Hello,

Well, there is a difference between actual physical control and the propogated 
illusion of control (thanks Brian for bringing Foucault back into the 
discussion - I have the feeling he never left).  If we accept or passively 
follow the various socialising paradigms where mega-companies such as Google 
exercise ‘control’ then we fall into that behavioral abyss charted in 1984 and 
other dystopic works describing the collapse or devolution of democratic norms. 
As, perhaps, (as indicated below) what is important is maintaining, continuous 
invigorating, the terrain upon which the totalitarian nature of the neoliberal 
hyper-capitalist infrastructure can be contested.
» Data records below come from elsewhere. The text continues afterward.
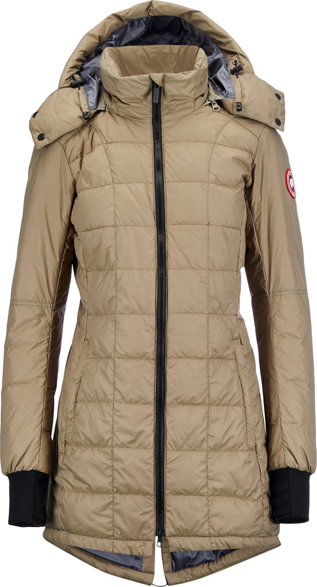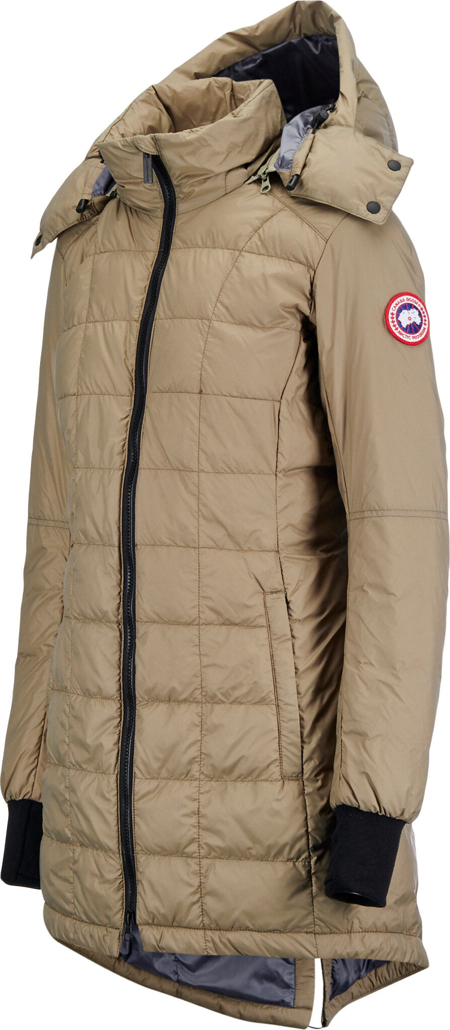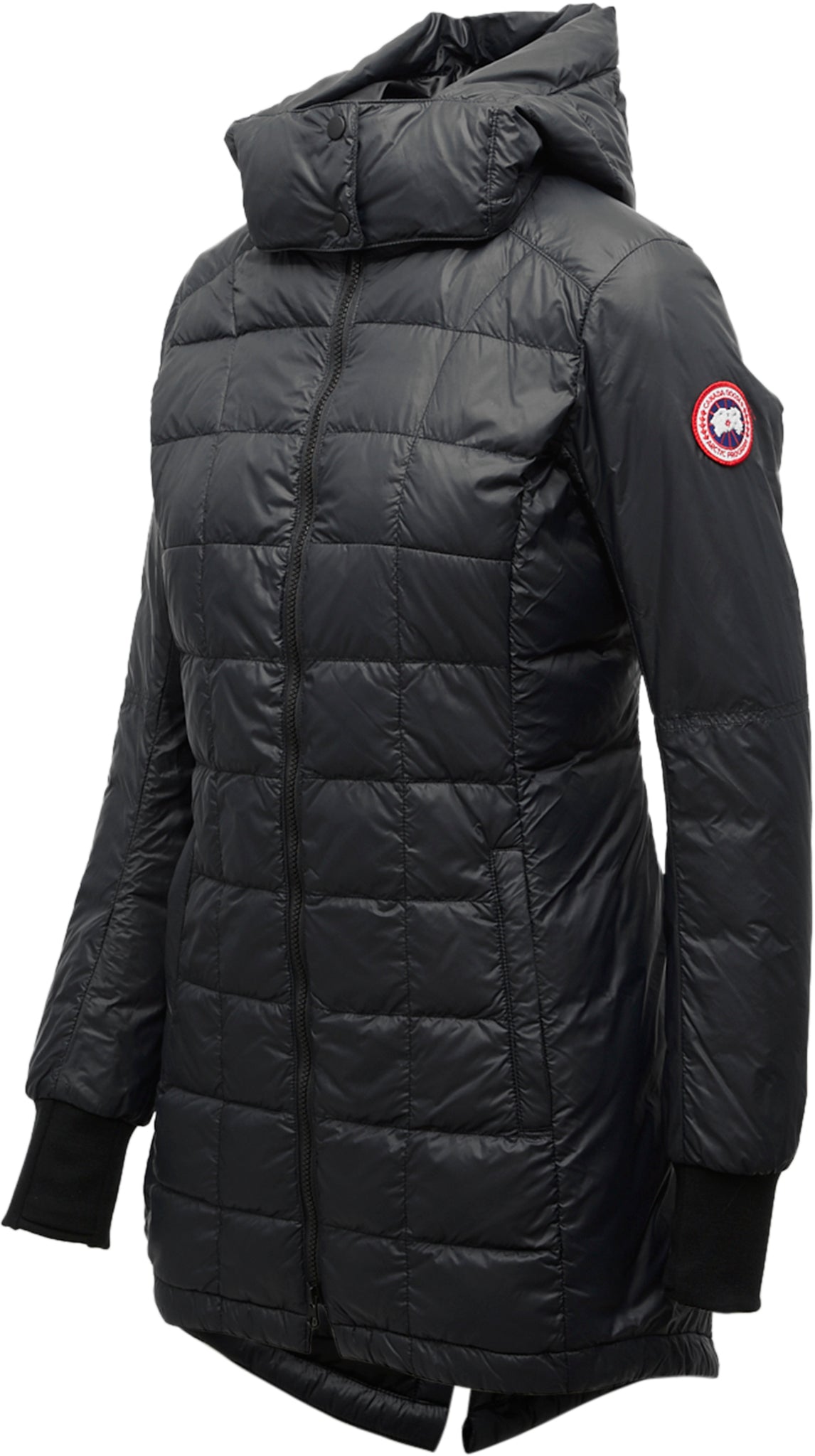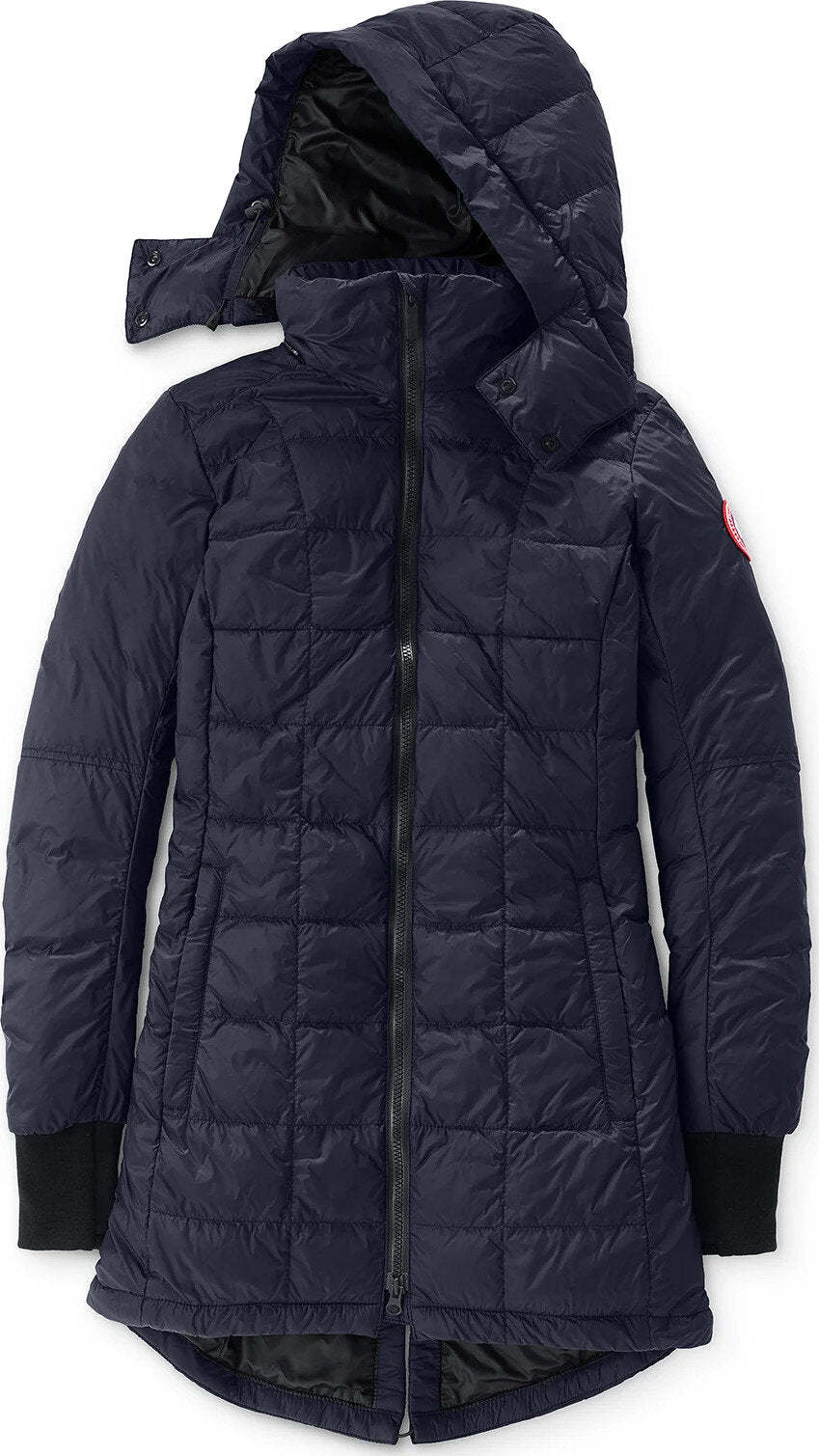 • Removable, adjustable down-filled hood adds warmth and element protection. Signature double-stripe reflective details at the back add visibility in low light. When hood is removed, the exposed zipper folds into the collar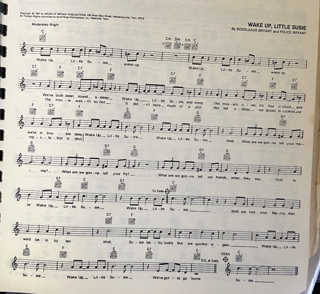 Wake up little [A7] Susie [G] wake up little [A] Susie w-[A7]-ell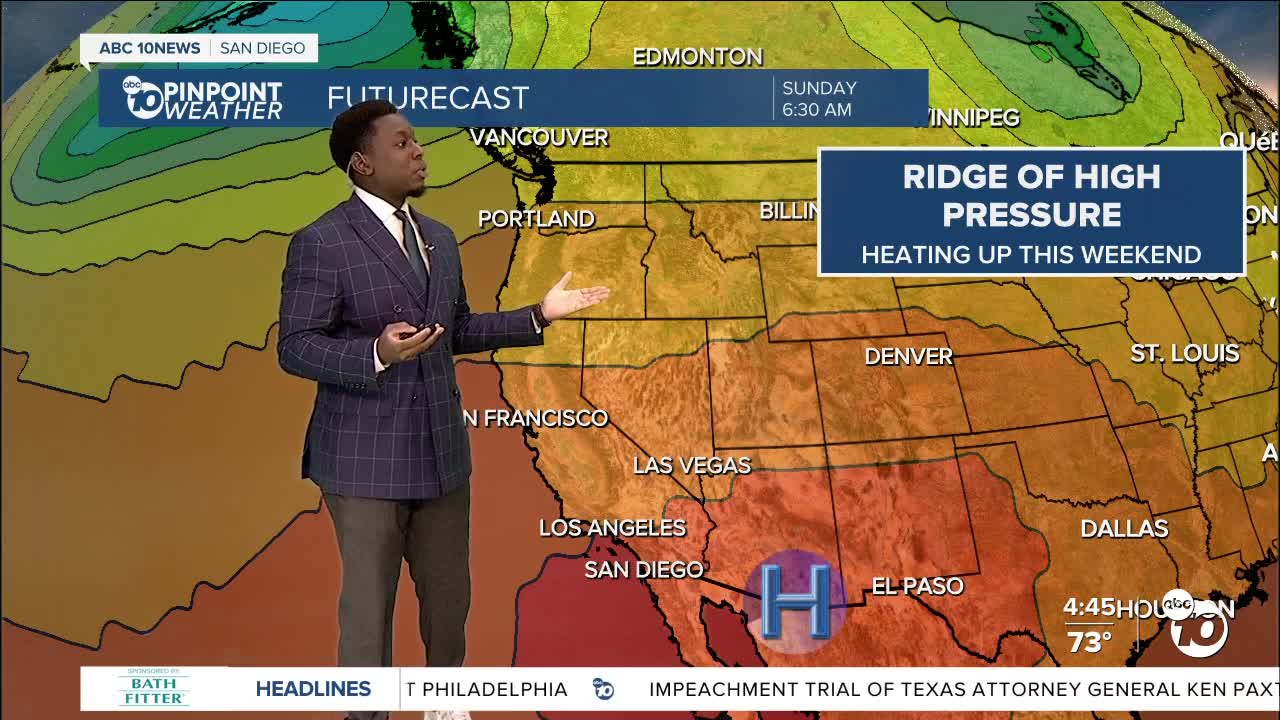A ridge of high pressure will bring us warmer temperatures beginning Thursday, peaking on Sunday. Saturday will bring highs in the upper 70s and lower 80s for the coastline, while inland neighborhoods can expect temperatures in the low to mid-90s. Desert communities will see temperatures near 110 degrees.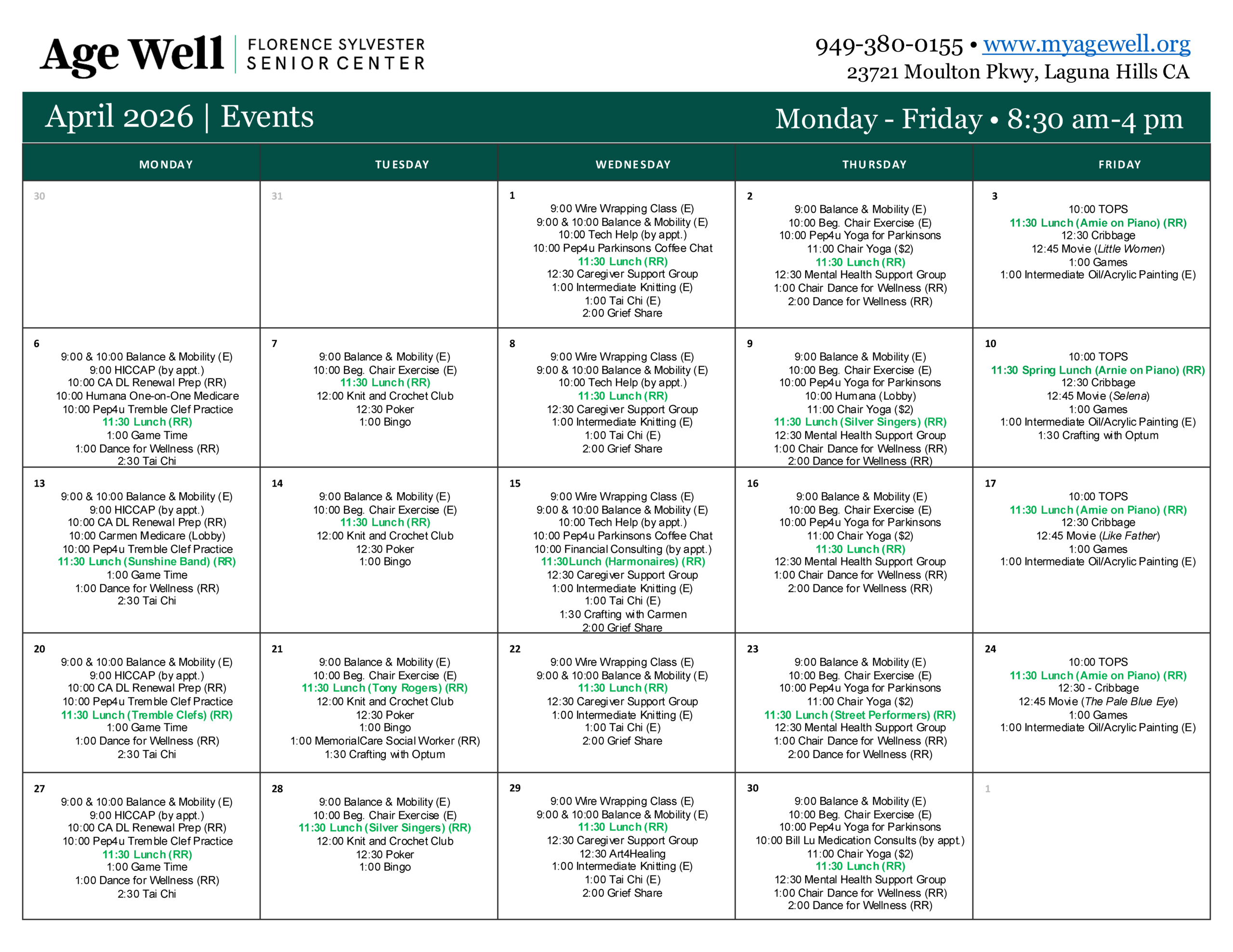 Every contribution designated to Age Well’s Florence Sylvester Senior Center stays in the Laguna Hills community. Your support helps provide daily lunches, wellness programs, activities, and vital services for older adults in South Orange County. When you give here, you are directly supporting seniors where they live.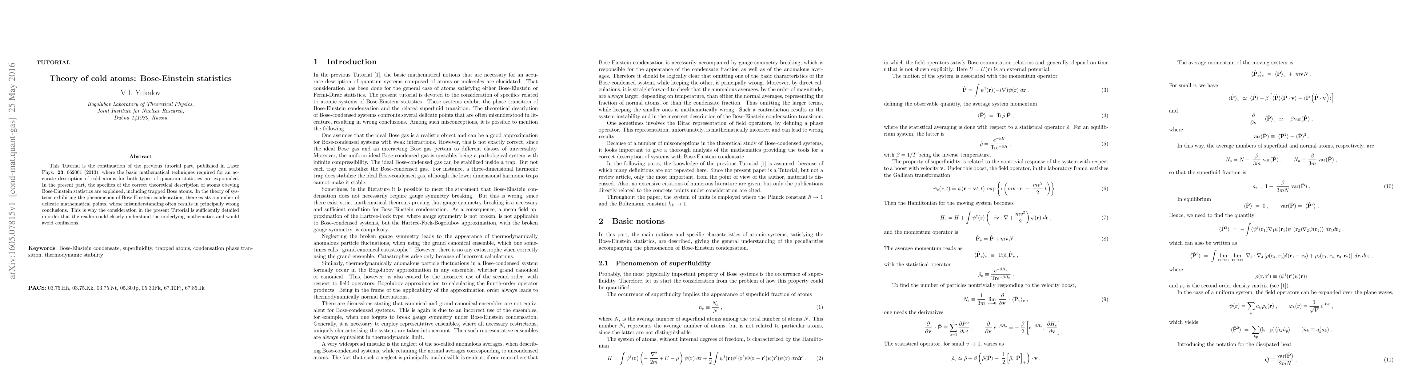 This paper provides a detailed continuation on the mathematical techniques for describing cold atoms, focusing specifically on Bose-Einstein statistics. It aims to clarify the theoretical framework for trapped Bose atoms and avoid common mathematical pitfalls in the study of Bose-Einstein condensation.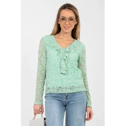 Elegantní krajkový top s elegantním charakterem, skvělý na návštěvy, do práce, na večírek a do každodenních stylových kombinací v elegantnějším provedení. Různorodá textura materiálu dodává celku výjimečný a decentní dekorativní vzhled. Top je vyroben z vysoce kvalitní viskózy s přídavkem elastanu, co zajišťuje pohodlí nošení a jemné přizpůsobení siluetě. Model má standardní délku, dlouhý rukáv a klasický, kulatý výstřih. Bez zapínání je top pohodlný a snadno se obléká. Na přední straně je podšívka, která zvyšuje pohodlí nošení a estetiku dokončení, a ozdobný žabot dodává celku eleganci a ženský charakter. Je to ideální volba k látkovým kalhotám, sukní nebo pod sako, jak na formální setkání, tak na speciální příležitosti.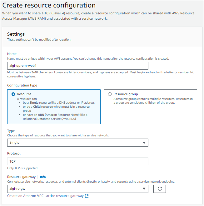 VPC 외부에서 접근이 가능하도록, zigi-rs-gw를 Resource Gateway로 하는

In this context 
decentralisation of forms/means of communication are an imperative - without 
vibrant discursive social spaces reflective of the social needs and desires 
that permeate daily life we are only so much fodder for the GoogleFacebook 
singularity, one-dimensional, social mechanisms.

"Sonja Buchegger is leading a group of scientists at KTH who are creating 
building blocks that developers could use to launch decentralized, distributed 
networks, which would not only be difficult to interfere with, but would also 
protect people from government snooping.

"The internet itself is not centralized – it would be hard to shut down," 
Buchegger says. "It was built as a robust, decentralized tool to communicate; 
and we can do the same for other services that are now centralized, like social 
networks."

Whether the demand for such networks would go mainstream any time soon is hard 
to tell. Buchegger notes that it is difficult for most people to wrap their 
head around the notion that their personal information is exposed on web-based 
email and social platforms.

"The whole privacy issue online is very young, and the population is not used 
to thinking in this way," she says. "Offline, we know how to protect our 
privacy; we know who can overhear us; we see who is in the room with us and we 
know whether we can trust those people; but online we haven't really grasped 
who the audience is and how that changes over time." 

Buchegger's research is focused on the privacy issues of distributed 
peer-to-peer (P2P) networks, that is, the underlying infrastructure for a 
decentralized system in which people could store their data beyond the reach of 
data miners or government surveillance."